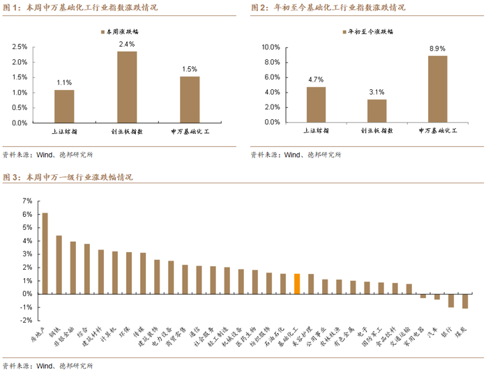 本周基础化工板块表现好于大盘。根据Wind,本周(7/4-7/11)上证综指涨跌幅为+1.1%,创业板指数涨跌幅为+2.4%;申万基础化工行业指数涨跌幅为+1.5%,在全部31个行业板块中位列第19位,跑赢上证综指0.4个百分点,跑输创业板指数0.8个百分点。年初至今,上证综指涨跌幅为+4.7%,创业板指数涨跌幅为+3.1%;申万基础化工行业指数涨跌幅为+8.9%,跑赢上证综指4.2个百分点,跑赢创业板指数5.8个百分点。
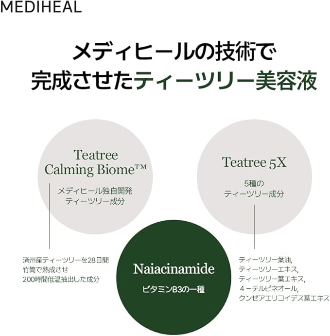 Purifying and Clarifying: The Mediheal Active Ample Serum (TEATREE) is infused with tea tree extract, known for its antibacterial properties, helping to cleanse and clarify the skin by targeting acne-causing bacteria.
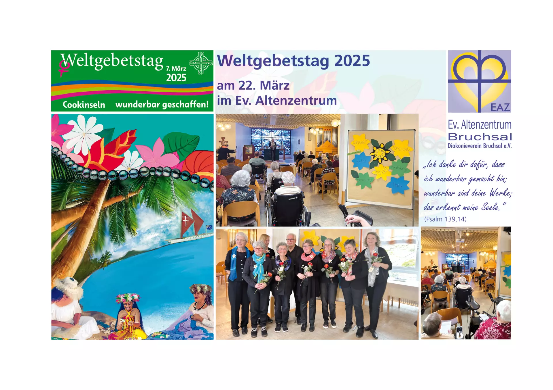Am Samstag, 22. März 2025 durften wir gemeinsam mit Bewohner*innen und Mieter*innen den Ökum. Weltgebetstags-Gottesdienst im EAZ feiern. Mit vielen kreativen Ideen, bunten Bildern und Informationen sowie vielfältigen Liedern und Texten tauchte die Gemeinschaft ein in die Welt der Cook-Inseln im Südpazifik. Dem organisierenden Team sei für diesen beeindruckenden Nachmittag herzlichst gedankt!
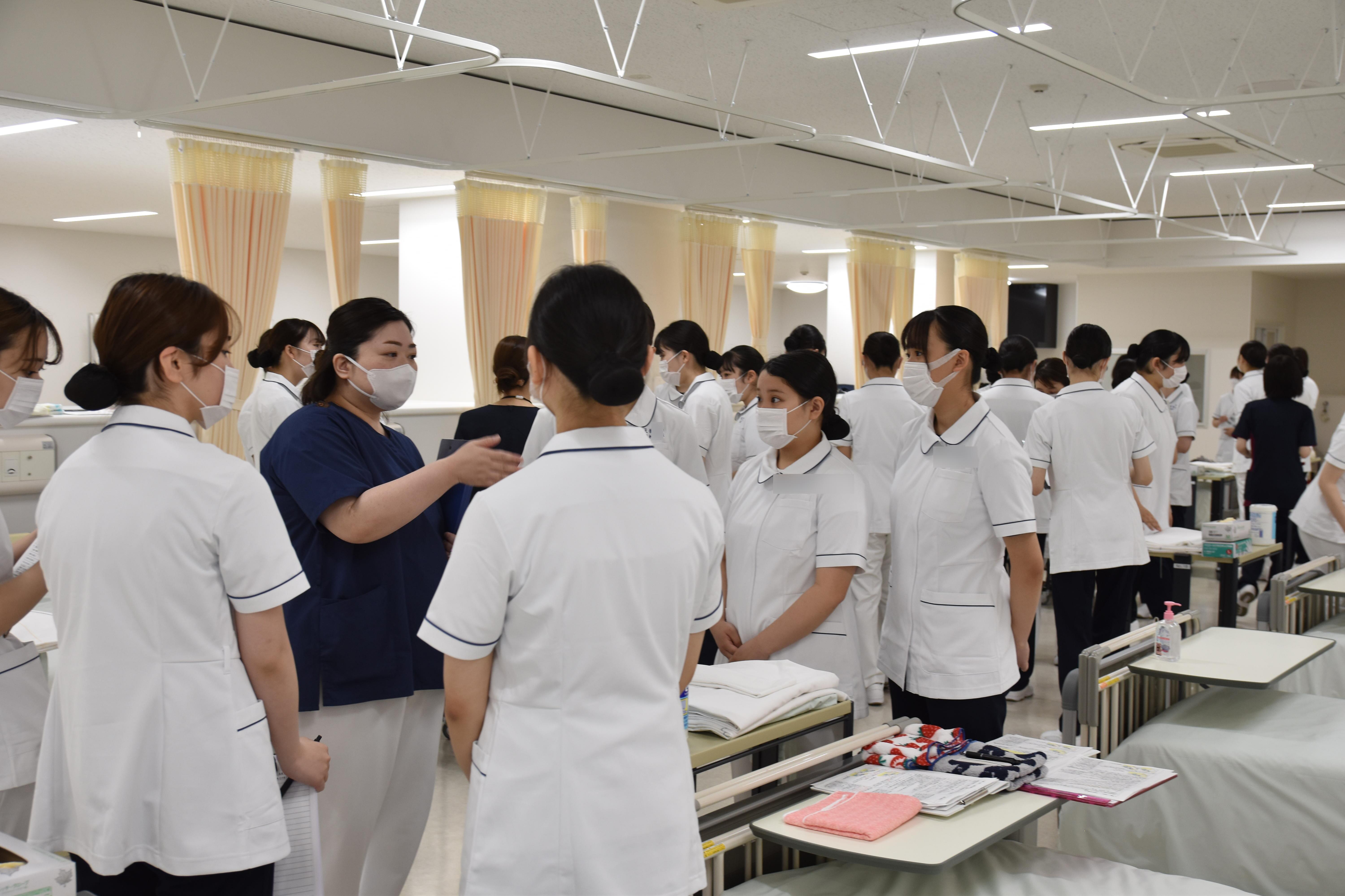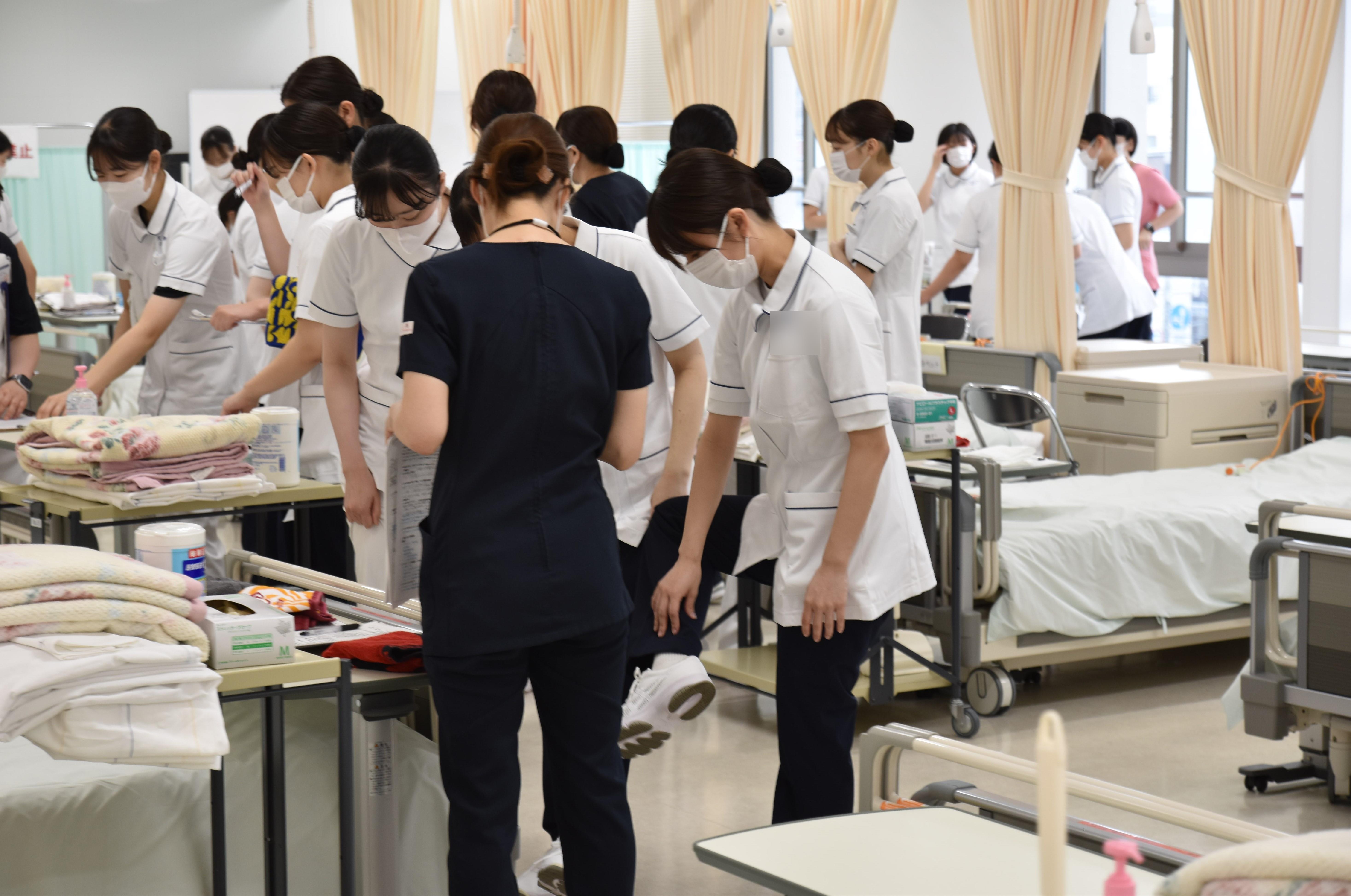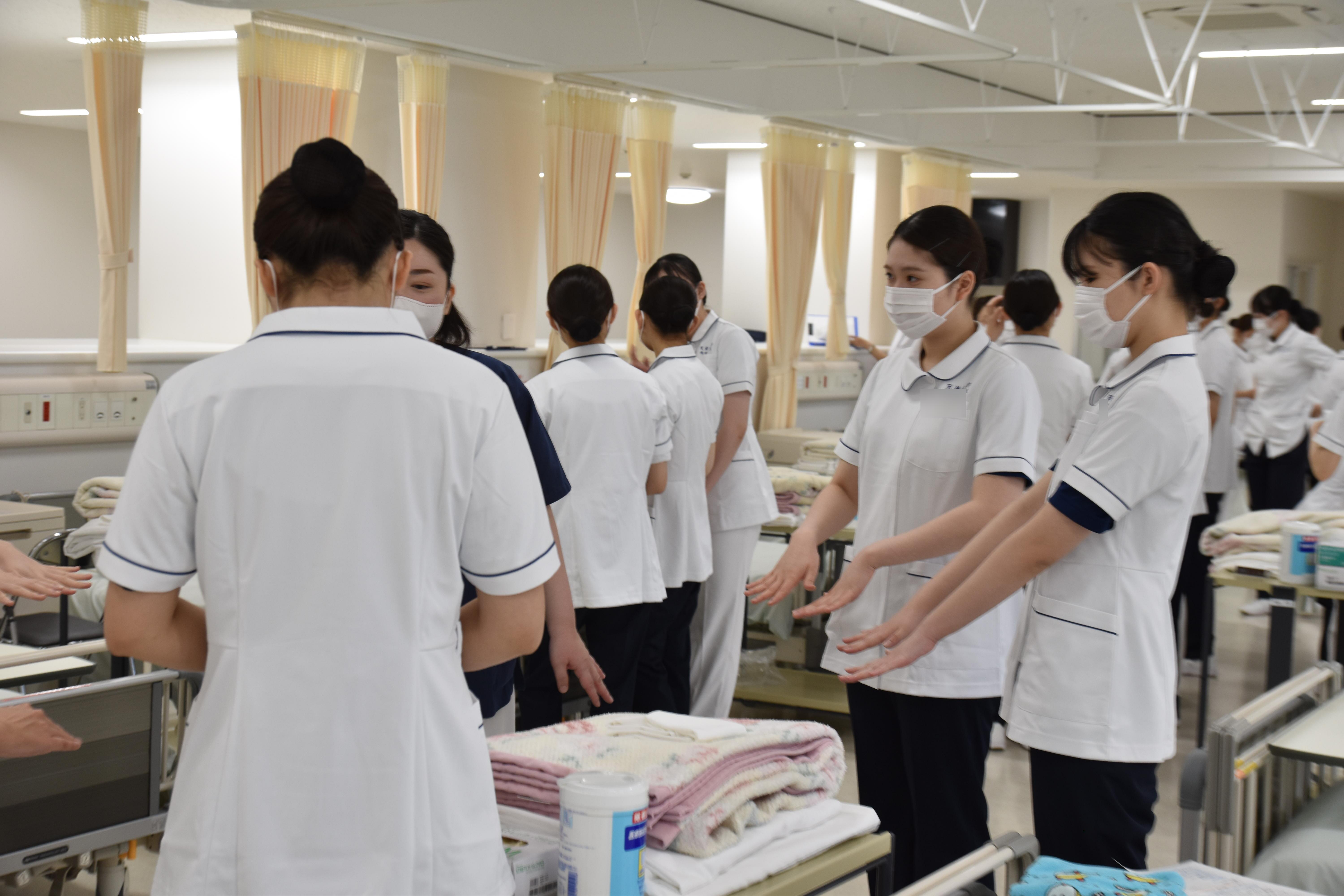 清潔と汚染を意識してリネン交換を行い、患者の安全性と安楽性を考え、お互いに声を掛け合いながら実践しました。定められた時間で、安全に素早く丁寧に行うことが要求され、学生達は、時間オーバーしながらも真剣に取り組みました。

• **Assignment**: Reproduce the lines of the data that run from the one containing "Am Samstag, 22." to the final line, both included, exactly as they appear and without the pictures.

• **Answer to the exercise**:
Am Samstag, 22. März 2025 durften wir gemeinsam mit Bewohner*innen und Mieter*innen den Ökum. Weltgebetstags-Gottesdienst im EAZ feiern. Mit vielen kreativen Ideen, bunten Bildern und Informationen sowie vielfältigen Liedern und Texten tauchte die Gemeinschaft ein in die Welt der Cook-Inseln im Südpazifik. Dem organisierenden Team sei für diesen beeindruckenden Nachmittag herzlichst gedankt!
 清潔と汚染を意識してリネン交換を行い、患者の安全性と安楽性を考え、お互いに声を掛け合いながら実践しました。定められた時間で、安全に素早く丁寧に行うことが要求され、学生達は、時間オーバーしながらも真剣に取り組みました。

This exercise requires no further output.